3. Trino Catalog Config
Create trino-config/catalog/iceberg.properties
:
connector.name=iceberg
iceberg.catalog.type=rest
iceberg.rest-catalog.uri=http://polaris:8181/api/catalog
iceberg.rest-catalog.security=OAUTH2
iceberg.rest-catalog.oauth2.credential=${ENV:CLIENT_ID}:${ENV:CLIENT_SECRET}
iceberg.rest-catalog.oauth2.scope=PRINCIPAL_ROLE:ALL
iceberg.rest-catalog.warehouse=quickstart_catalog
# Enable Hadoop-style FS for local file system support
fs.hadoop.enabled=true
- warehouse must match the Polaris catalog name.

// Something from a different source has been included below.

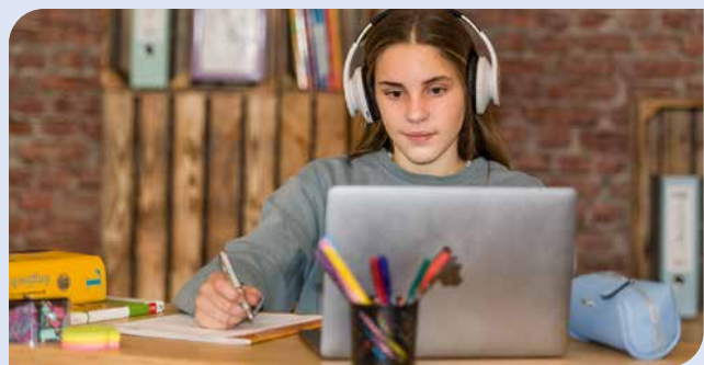
Ein aufgeräumter Schreibtisch hilft, sich auf das Lernziel zu fokussieren: Lernen-lernen-Kurse geben viele hilfreiche Tipps.

Gute Schulnoten haben nicht nur mit Intelligenz zu tun, sondern auch mit Fleiß und den richtigen Lerntechniken. Sie sind oft die Basis für dauerhaft bessere Leistungen. Und mit diesen Techniken können Schüler und Schülerinnen sich selbst unter professioneller Anleitung vertraut machen, um sich den Schulalltag zu erleichtern. Unter www.studienkreis.de/lernen-lernen-kurse beispielsweise werden interaktive Kurse für Kinder von der Grundschule bis zur Oberstufe angeboten. Die Teilnehmer lernen alles Wichtige rund um den persönlichen Lernprozess und machen sich hilfreiche Arbeitstechniken zu eigen. Die verschiedenen Lektionen dauern jeweils 60 bis 90 Minuten. Quizfragen und weiterführende Übungsaufgaben für das weitere Training zu Hause gehören ebenfalls dazu.

- If using S3/MinIO instead of FS, configure S3 credentials/endpoint here.
4. Start Trino CLI
# trino cli
curl -L https://repo1.maven.org/maven2/io/trino/trino-cli/437/trino-cli-437-executable.jar -o trino
chmod +x trino
Connect:
./trino --server http://localhost:8080 --catalog iceberg
5. CRUD demo
-- Create schema (namespace)
create schema iceberg.default;
-- Create table
create table iceberg.default.events (
id bigint,
ts timestamp,
message varchar
);
-- Insert data
insert into iceberg.default.events values (1, current_timestamp, 'hello');
insert into iceberg.default.events values (2, current_timestamp, 'world');
-- Query
select * from iceberg.default.events;
-- Show definition
show create table iceberg.default.events;
-- Confirms format = 'PARQUET', format_version = 2, and location = file:///var/tmp/....
-- Truncate
truncate table iceberg.default.events;
Notes
- Trino UI at http://localhost:8080 shows cluster overview and running queries.
- Never delete files manually in /var/tmp/quickstart_catalog/... → that will break catalog consistency.
- Local FS (/var/tmp) works fine for demos but requires volume mounting to persist across container restarts.
- For production: use S3 or MinIO with proper credential vending.